GOAL OF THE EXERCISE: Reproduce exactly the lines from the one containing "前段時間,衣伍木用畫筆給兄弟" through the last line of the records below, both included. Leave out any pictures.
::::::::
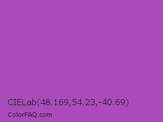 CIELab 48.169,54.23,-40.69 Color is a normal magenta color and the nearest color is Purple Plum #9c51b6. Hex code #a94bb8 and RGB value is rgb(169,75,184). In RGB color space, this color is composed of 66% red, 29% green, 72% blue, In CMYK color space, this color is composed of 8% cyan, 59% magenta, 0% yellow , 28% black , In HSL color space, this color has a hue angle of 292° , 43% saturation and 51% lightness.
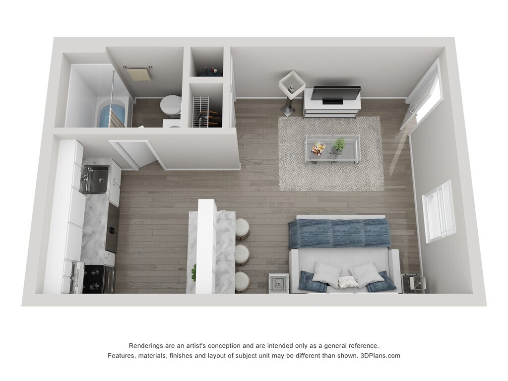 Studio, 1 Bath, 336 sq ftAvailable NowModel Gallery
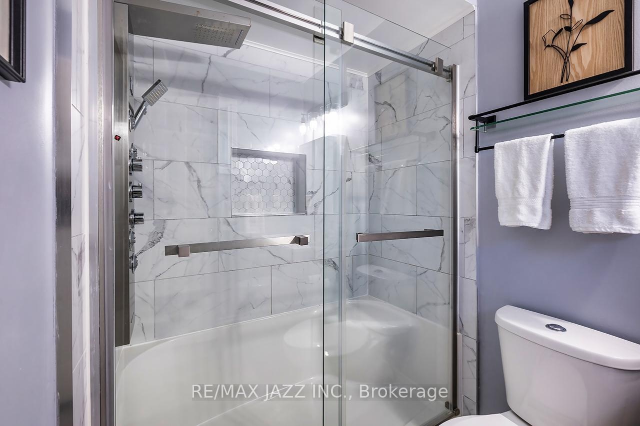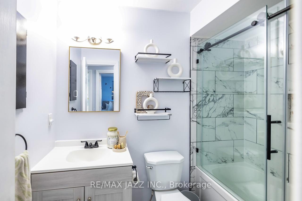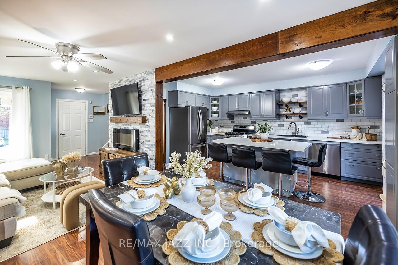 Nestled on a quiet crescent in Aspen Springs, West Bowmanville, this spacious (one of the largest linked models in the area) and thoughtfully updated 3-bedroom + BONUS ROOM (easily convertible to 4th bedroom), 2.5 bath , 2-storey home is cozy with modern upgrades. Located in a family-friendly neighborhood close to schools, shopping, HWYs, the home features a bright open-concept main floor with a beautifully renovated eat-in kitchen (2020) boasting quartz countertops, a large center island with breakfast bar, gas stove, and stainless steel appliances. The kitchen walks out to a fully fenced backyard and spacious deck - perfect for entertaining. The combined living and dining room offers a warm ambiance with a cozy fireplace. Upstairs, a standout feature is the large family room with a bay window, wood-burning fireplace, and accent wall - easily convertible into a 4th bedroom. The primary suite includes a walk-in closet and a newly remodeled ensuite (2024), complemented by two additional bright and spacious bedrooms. The finished basement adds additional space ideal for a rec room, office, or home gym. Recent updates include: kitchen (5 yrs), ensuite (2024), other bathrooms (3 yrs), deck (4 yrs), roof (1.5 yrs), and driveway resealed (2025). With its inviting layout and stylish finishes, this home offers comfort, flexibility, and room to grow. Hot water tank rented. Furnace and AC will be included. WETT certified.
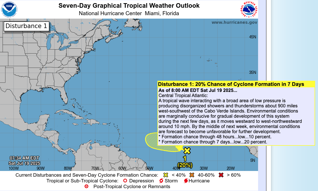 According to the 8:00 AM EDT Tropical Weather Outlook (TWO) from the National Hurricane Center:
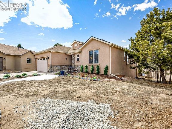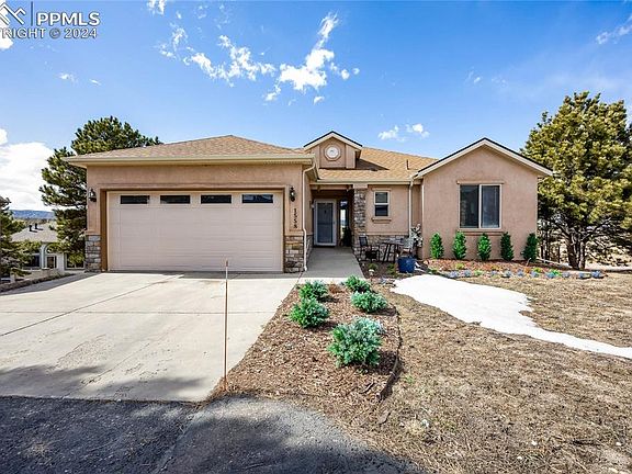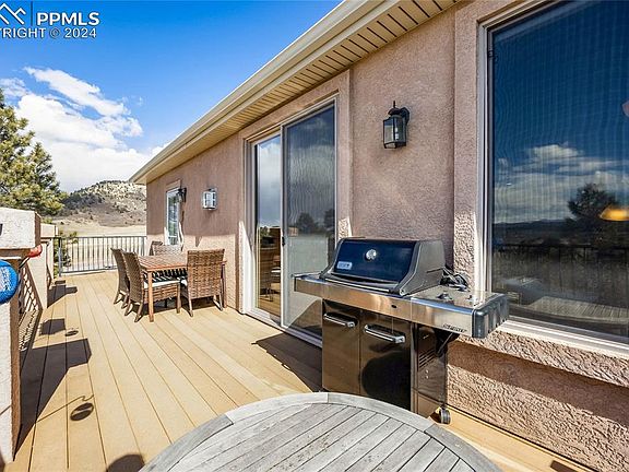 Single Family Home and part of a Patio Home Community, which includes yard maintenance and snow removal! Breathtaking views, views, and more views all throughout this open and spacious ranch style home. Welcome to your oasis! Don't let the age of this home fool you, it shows like new construction, solidly built with unique and custom features. Immaculately taken care of and boasting such amazing views of the front range. Expansive deck as an extension of your living room, Full length upper balcony & lower level patio and a walk-out basement. During the cooler months find comforting warmth with the stone-framed gas fireplace. 4 sizable bedrooms, 3 bathrooms and a finished basement. As you enter this sprawling ranch home, main level shows stunning darker toned gleaming oak floors, tall/vaulted ceilings, a huge great room, beautiful kitchen with island and pantry, cabinetry with frosted doors, tile backsplash and all appliances included. Gas stove! Main level laundry room, washer and dryer included, mud room/laundry with built in cabinetry for additional storage. Main level primary bedroom, primary features tall ceilings, an ensuite 5 piece bath, deep jetted tub, huge walk in closet with custom shelving, tile floors and a private balcony access. 2nd main level bedroom is sizable with custom closet shelving and next to 3/4 guest bath. Basement is open and tons of natural light, walk-out access, 2 large bedrooms, a huge bonus/family room and wet bar with included microwave and mini fridge and an additional full bath, perfect for entertaining guests or a tenant. Come see this warm and welcoming home. New roof in Oct. 23' and air ducts cleaned Mar 24'. SAFE and QUIET neighborhood. Low maintenance home. Full length deck. West facing upper windows coated with UV film for that added efficiency and protection. Easy access to I-25, quick trip to several Metropolitan areas! Palmer Lake, Spruce Mountain and Santa Fe trails. Hiking, biking, and fishing near. Move-in ready!
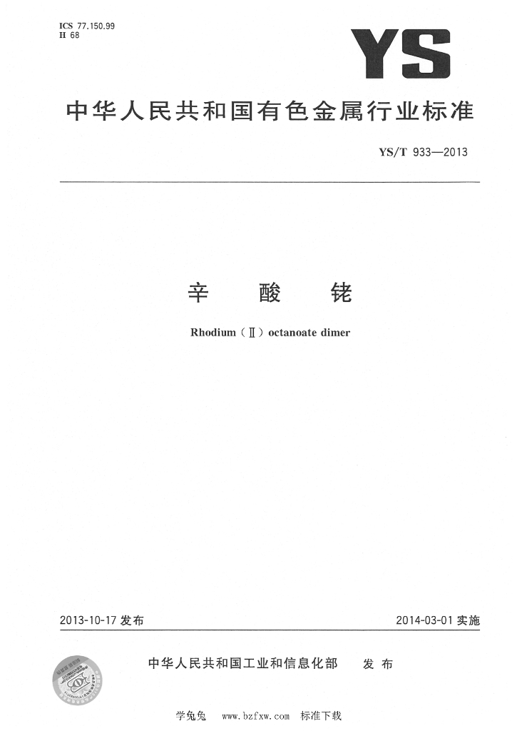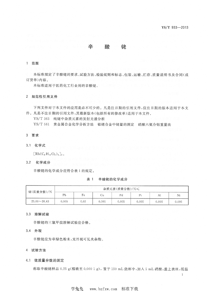 YS/T 933-2013 辛酸铑
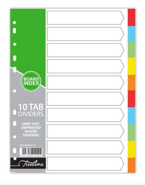 Treeline A4 160gsm Board File Dividers 10 Tab Bright Deep Tint Unprinted Not Numbered-(Tab 1-10),Retail Packaging, No Warranty
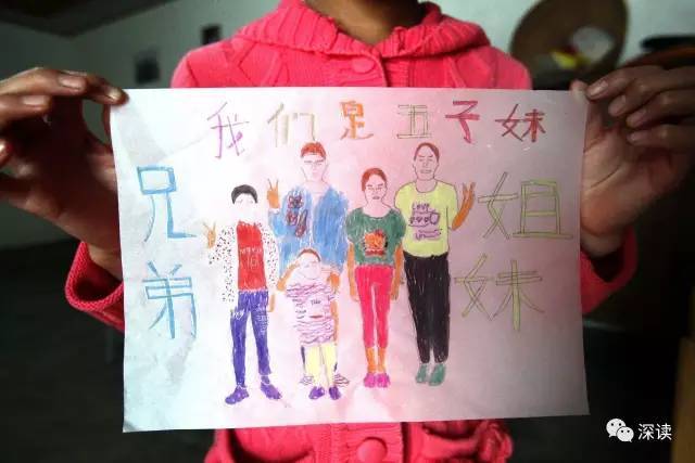 前段時間,衣伍木用畫筆給兄弟姐妹們畫了一張“全家?!?,這耗費了她一天的時間。在畫里,五姐弟每個人都穿著彩色的服裝,她在畫的周圍也用彩筆寫著:兄弟姐妹,我們是五子妹(注:四川話,姊妹,表示家里的兄弟姐妹)。兩年前,在媒體記者給她們拍攝的眾多家庭合影中,五姐弟的表情都顯得有些無助和失落。但這次,在衣伍木的畫里,五姐弟都是開心的笑臉,手里還比著V。
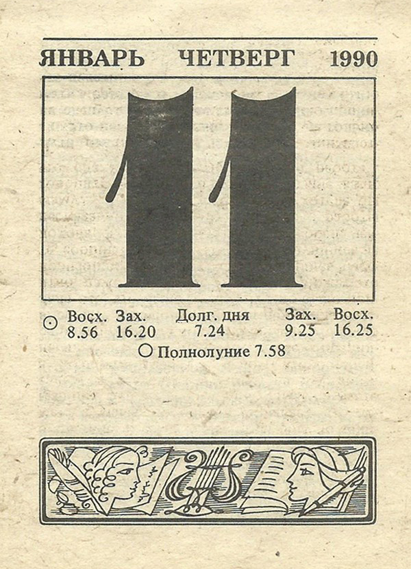 Отрывной календарь для женщн за 1990-й год
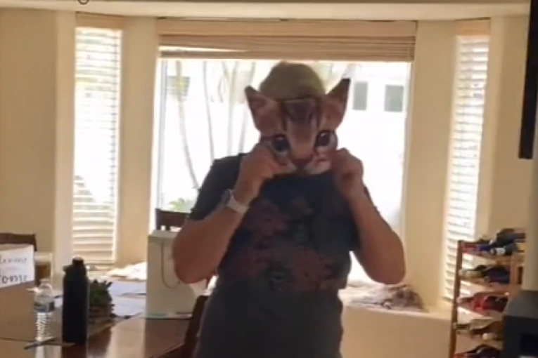 Na TikTok profilu Tare Konlin objavljen je snimak žene koja na glavu stavlja jastuk/masku s likom mačke. Potom prilazi svojim ljubimicama koje leže na podu.
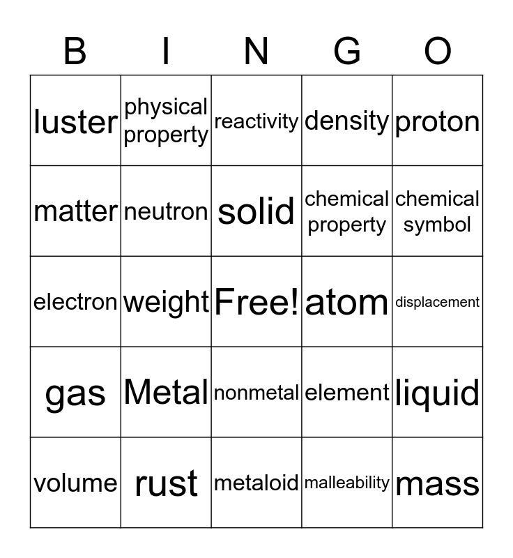 This bingo card has a free space and 24 words: Metal, rust, solid, volume, proton, luster, matter, physical property, atom, nonmetal, chemical property, electron, element, liquid, neutron, malleability, displacement, reactivity, chemical symbol, weight, mass, gas, density and metaloid.
::::::::
EXERCISE OUTPUT:
 前段時間,衣伍木用畫筆給兄弟姐妹們畫了一張“全家?!?,這耗費了她一天的時間。在畫里,五姐弟每個人都穿著彩色的服裝,她在畫的周圍也用彩筆寫著:兄弟姐妹,我們是五子妹(注:四川話,姊妹,表示家里的兄弟姐妹)。兩年前,在媒體記者給她們拍攝的眾多家庭合影中,五姐弟的表情都顯得有些無助和失落。但這次,在衣伍木的畫里,五姐弟都是開心的笑臉,手里還比著V。
 Отрывной календарь для женщн за 1990-й год
 Na TikTok profilu Tare Konlin objavljen je snimak žene koja na glavu stavlja jastuk/masku s likom mačke. Potom prilazi svojim ljubimicama koje leže na podu.
 This bingo card has a free space and 24 words: Metal, rust, solid, volume, proton, luster, matter, physical property, atom, nonmetal, chemical property, electron, element, liquid, neutron, malleability, displacement, reactivity, chemical symbol, weight, mass, gas, density and metaloid.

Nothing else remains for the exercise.